Many of the underwriting facilities governed by New York law provide the lender with security over the call capital rights of limited partners of exempt limited partnerships incorporated under the laws of the Cayman Islands. This grant is usually set out in a security agreement governed by New York law even though the pledged rights are created under Cayman law.
In establishments governed by English law, it is customary to enter into a separate guarantee deed creating a security interest in that guarantee under Cayman law. However, taking such additional security under Cayman law is not common in the New York fund financial market. Much of the difference lies in business practice rather than how Cayman law treats New York and English transactions.
Money lenders in the United States have generally agreed to waive a separate Cayman guarantee due to the familiarity of Cayman courts and lawyers with New York’s security agreements and in order to be more effective. Cayman lawyers have also generally advised lenders that, provided a security agreement creates security valid under New York law (or the law of another state), a Cayman court would recognize a security interest. such security if this tribunal were the forum for resolving a related dispute.
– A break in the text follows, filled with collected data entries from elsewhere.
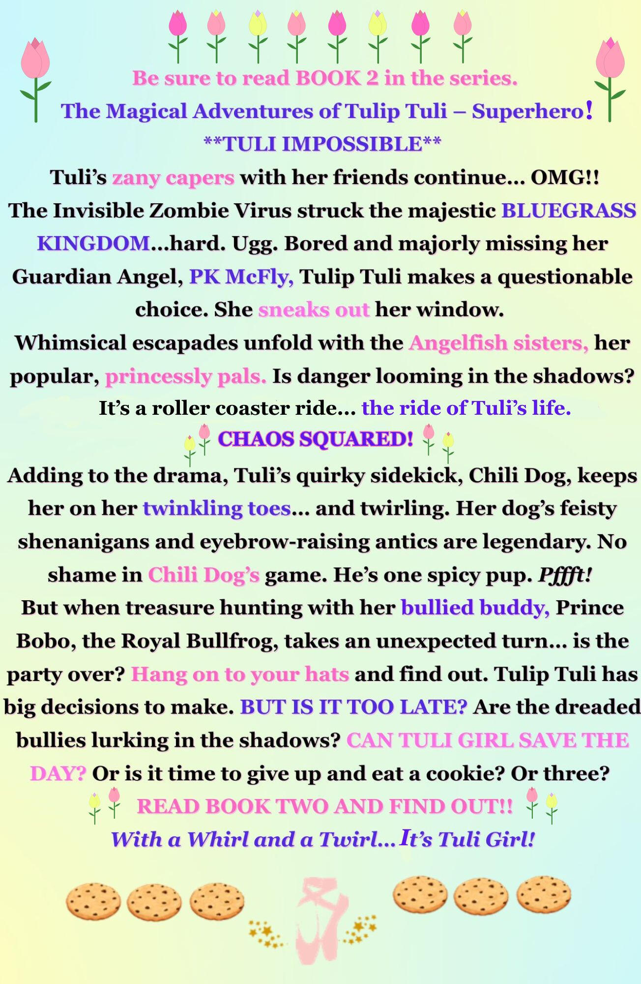 Sign up here for exclusive Tulip Tuli Superhero updates, new adventures, and more. She just might write a Hip-Hop song or a poem. She designs cool jewelry and invents superhero cookies, with top-secret magical sprinkles. Tuli whips up magical fingernail polish, lip gloss, and eye shadow. She has her own magical 'Happy in a Bottle' perfume. Mostly, Tulip Tuli loves sharing 'The Kindness' with other amazi-dazing, 'ImPerfectly Perfect' Superheroes. She would love to hear from you.
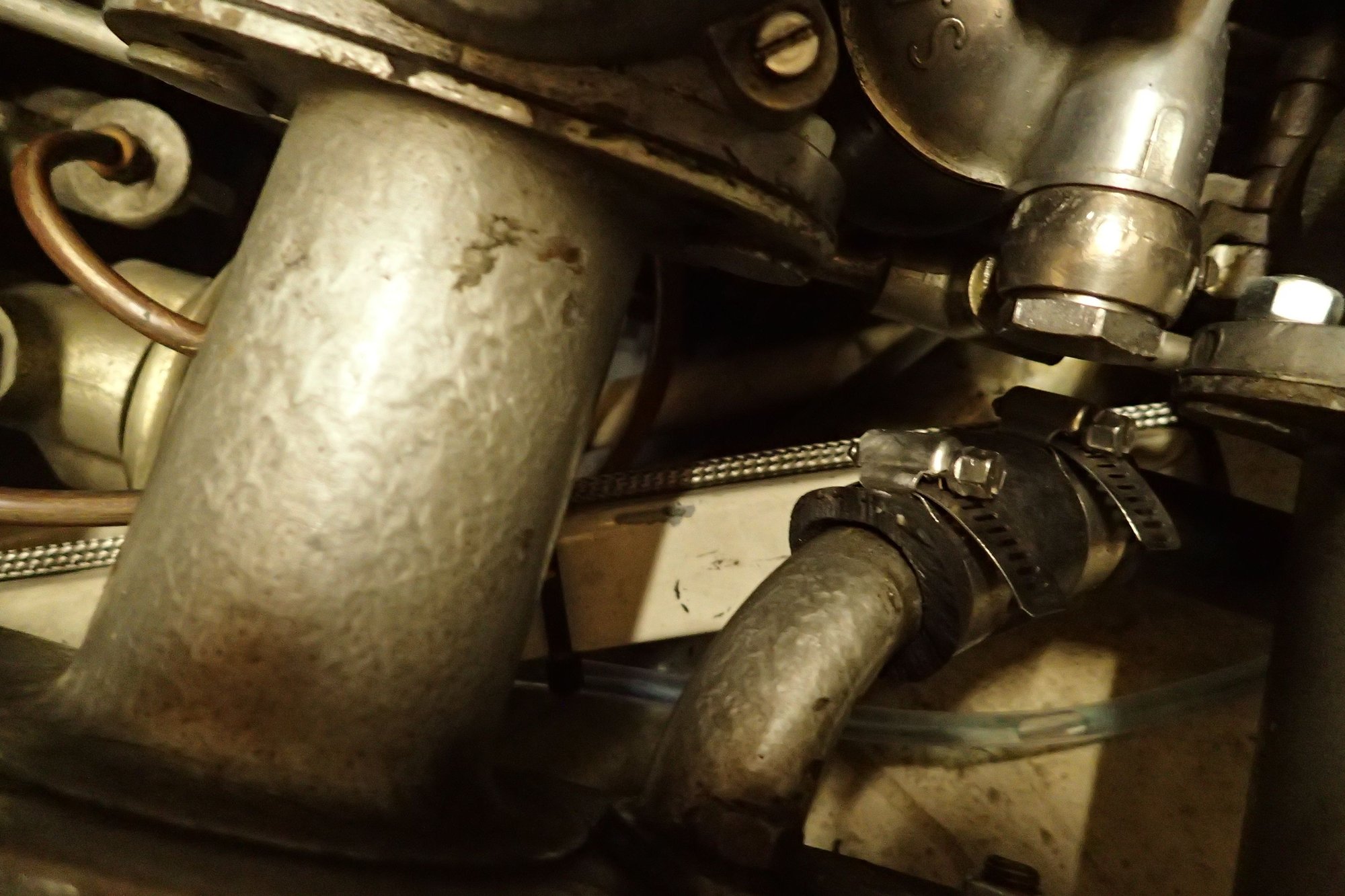From the oil connection, it comes up the block in front of the front carb (photo 1)
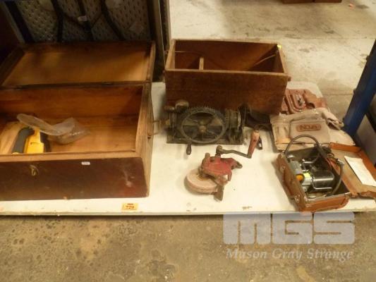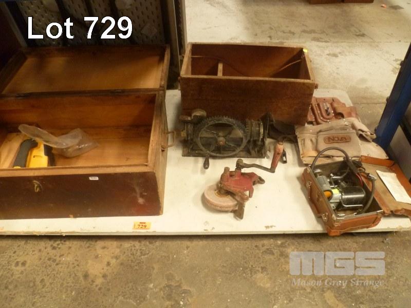 VINTAGE STAR WINDOW STAR SHADE CUTTER, VINTAGE GRINDER, WORK BELTS, TIMBER TOOL TRUNK, ETC
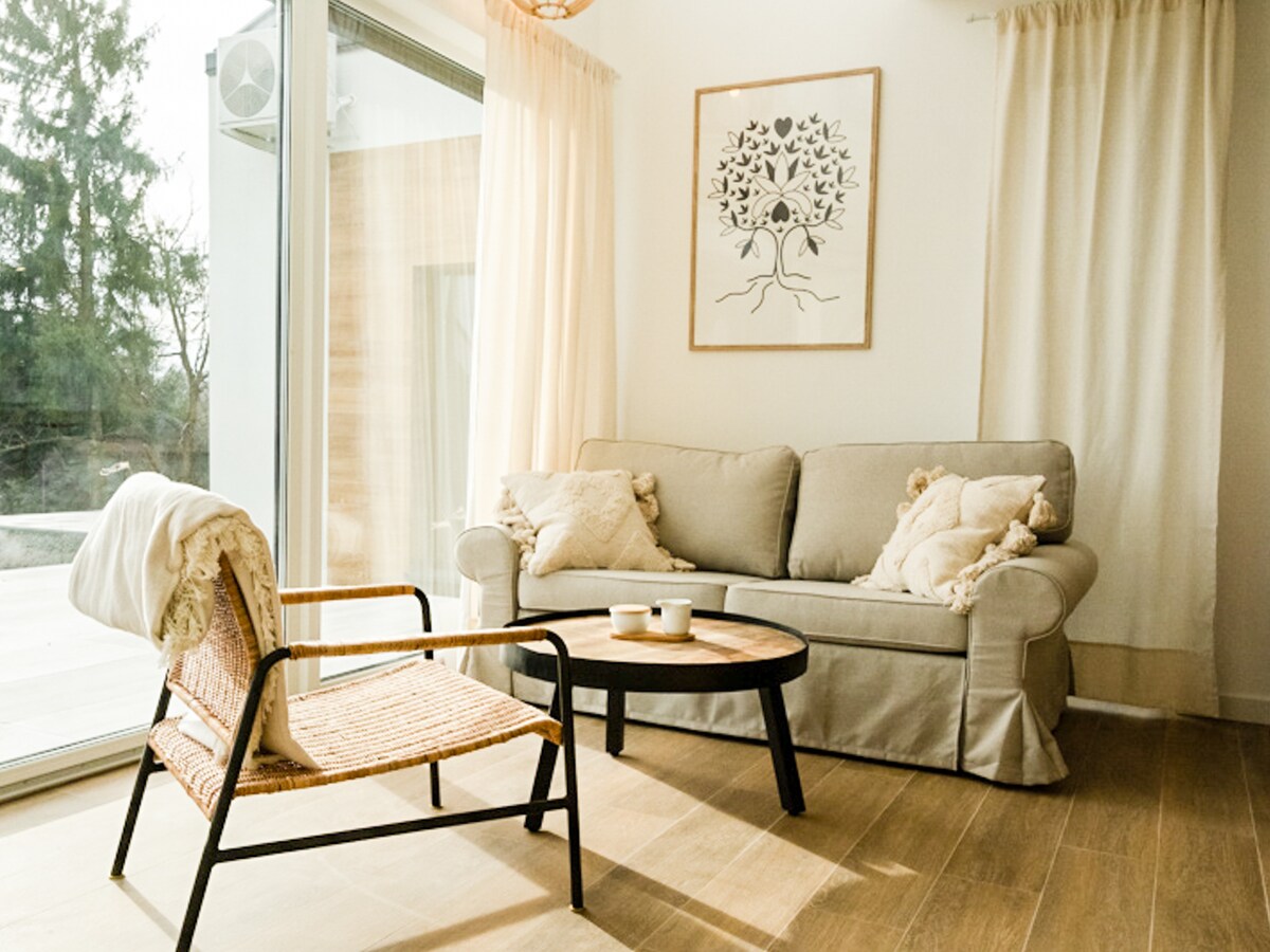 Hermoso apartamento en un edificio nuevo a 800 metros del lago Ukiel y City Beach. Diseñada con cuidado para garantizar un alojamiento único. Hay una cocina (nevera, lavavajillas, vitrocerámica, hervidor de agua, máquina de cápsulas). Secador de pelo, plancha, lavadora. Televisión con Smart TV, que te permite utilizar Netflix. Bicicletas para los huéspedes. Junto a rutas de senderismo y ciclismo, puerto deportivo, alquiler de equipos de agua, parques infantiles, bicicletas, parque acuático, parque infantil, bares, restaurantes y tiendas. Se tarda 5 minutos en llegar al centro de la ciudad.

Even in the absence of a separate deed of guarantee from Cayman, since the guarantee includes the right to call capital under a Cayman partnership agreement, Cayman’s legal advisers will notify lenders that a Safety notice will be given to the sponsors of the Cayman partnership. . Such notice has the effect of establishing the priority of the security of the underwriting lender over the claims of other creditors with respect to the call rights of capital. Lenders must also file financing statements in applicable jurisdictions in the United States in order to be perfected under the Uniform Commercial Code.
Additionally, if a borrower or a borrower’s general partner is a Caymanian corporation (as opposed to a partnership), Cayman’s advisers to lenders generally recommend that the security be recorded in the mortgage and charge register maintained by the corporation. company. Failure to register a security interest does not affect the validity or priority of the security interest, but it is still good practice to register the security interest as required by the Cayman Islands Companies Act.